Пару месяцев Лада провела на фронте — бегала меж домов, где расположилась Красная армия, пару раз избила разных мужиков, потому что тем все равно было, кого насильничать — девчонок местных, сестричек ли милосердия, девушек из одного полка.
— А ты мужик, что ли? — однажды спросил ее задиристо какой-то паренек, кажется, младше ее самой. Он сидел, широко расставив ноги, на лавке, и что-то жрал. Лада дернулась, но не от страха, а от омерзения.
— Женщина.
— А где ж это видано, чтобы баб в армию брали? — смеялся парень. Его лицо задело пулей, и теперь у него шрам во всю щеку — длинный, уродливый, растягивающийся, когда он улыбался.
— А хамов? — спросила Лада. — У нас же равенство, забыл? Конституции так сказано.
— А ты ее читала, что ль?
— Конечно, — кивнула Лада.
— Ну вот и сидела бы дома, с мужем трахалась, книжки бы читала, — поддакнул парню мужик постарше — с рваными пучками рыжей бороды. Он сидел рядом и пил какую-то мутную жижу из стакана.
— А кто бы вам помогал тогда?
— А там помощи от баб не надобно, — расхохотался мужик, а парень согласно икнул.
Через неделю Лада перешагнула через них, лежащих в кустах после очередного выматывающего боя — им можно бы было помочь, даже без колдовства, и все зажило бы, с колдовством — вообще за пару дней. А она перешагнула и пошла дальше. Обойдутся.
В отряде она была лучшей снайперкой — убивала легко, быстро, с первого выстрела, могла ждать так долго, сколько было нужно, лежа на ледяной земле, а потом легко подскакивала и бежала вперед. Она не боялась и, кажется, тогда не чувствовала вообще ничего — ни страха, ни горечи, только ненависть ко всем, кто ее окружал.
— Тебе бы отдохнуть, — советовал голос.
— Потом отдохну.
— Ты правда веришь в то, что они смогут создать что-то стоящее?
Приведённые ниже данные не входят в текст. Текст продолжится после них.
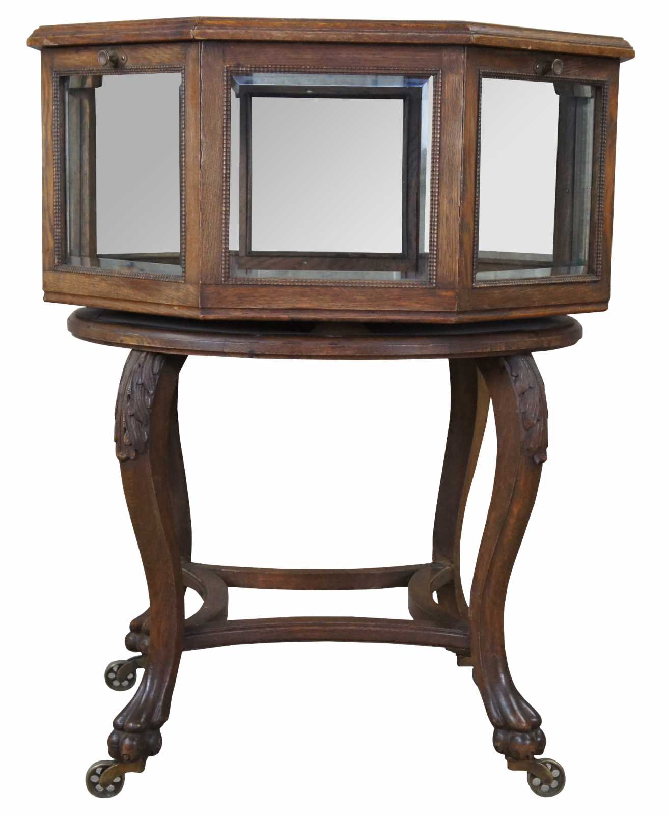 An exquisite and rare Victorian octagonal shaped Vitrine or Bijouterie, Last quarter of the 19th century. Made of quartersawn oak featuring rotating top with beveled glass, four drop front doors over serpentine legs with claw feet and casters.

— Не знаю, — отвечала Лада.
Она не верила, но очень хотела. Иначе не было бы смысла — вообще никакого в том, что творилось в последние годы. Иначе императоры умирали без смысла, иначе столько людей полегло ради цели, которой невозможно достичь.
Ленину придется создать что-то достойное, иначе она за шкирку вытащит его из ада и заставит переделать.
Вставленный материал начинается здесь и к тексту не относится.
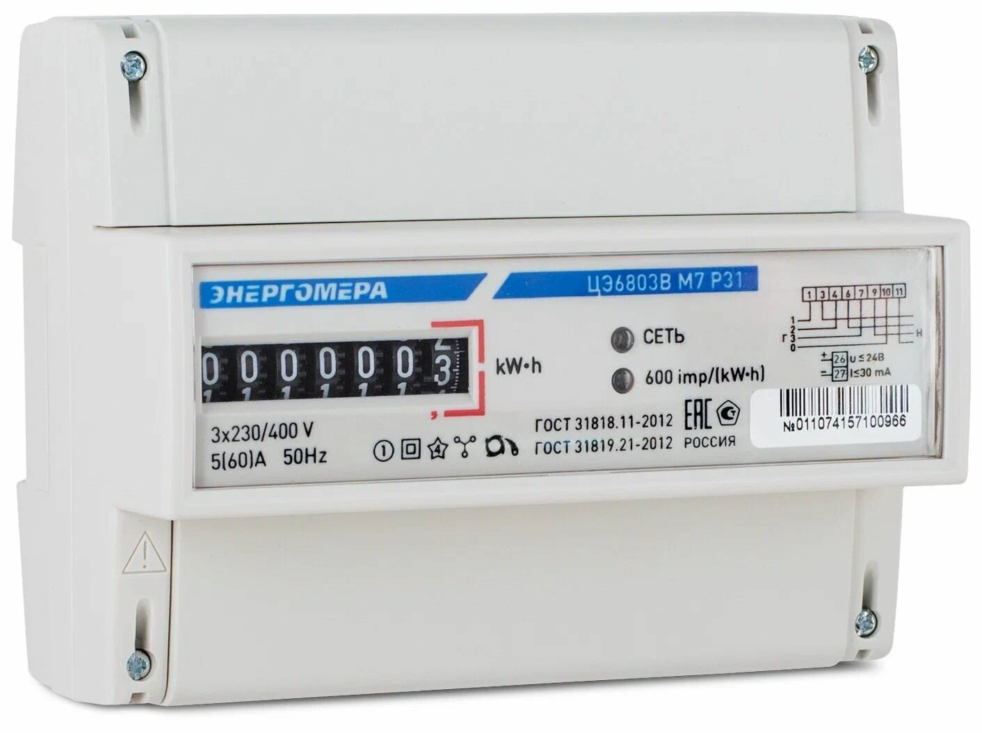 Купить Счётчик 3 фазный 1 тарифный акт эн 5-60А 380В механический дисп DIN-рейка(8 мод) телем вых ЦЭ-6803В/1 5-60А P31 Энергомера GMT+5

— А чего хочешь ты? — спрашивал голос.
— Хочу на море, — отвечала Лада. Лечь, закрыть глаза — и почувствовать, как вода лижет босые ступни.
— Попросись бороться с Деникиным, тебя-то отпустят.
— Да там до моря еще идти и идти.
— Ну, как знаешь.
Голосу нравилось то, что Лада убивала, но он старался это не сильно показывать, потому что знал — она разозлится. Потому болтал, ехидничал, но не заставлял тонуть в этом сильнее. Знал, что Лада сама себя утопит — схватит за горло и прижмет к самому дну. И раздувался от самодовольства, закрывая собой все города, мимо которых они шли, накрывая их плотной аурой смерти.
Лада забывала, как плакать — даже когда ей было грустно, даже когда было так плохо, что хотелось закричать, что-нибудь сломать. Она не могла выдавить ни слезинки, а только долго сидела, глядя в пустоту.
Слушала, как по городу прокатывалась волна от очередной уничтоженной церкви, как кричали раненые, как пели поганые песни пьяные солдаты. Била, когда те пытались сделать больно женщинам. Обнимала плачущих девушек и советовала уезжать, пока есть время.
Лада боялась, что ей стало все равно.
А потом ее попросили вернуться под Москву — на зачистку последних белых отрядов. Лада тогда долго смотрела на один такой — смешные юные мальчишки, которые и жизни-то не знали, шугались каждого скрипа, бежали куда-то, кажется, даже не смотря на карту.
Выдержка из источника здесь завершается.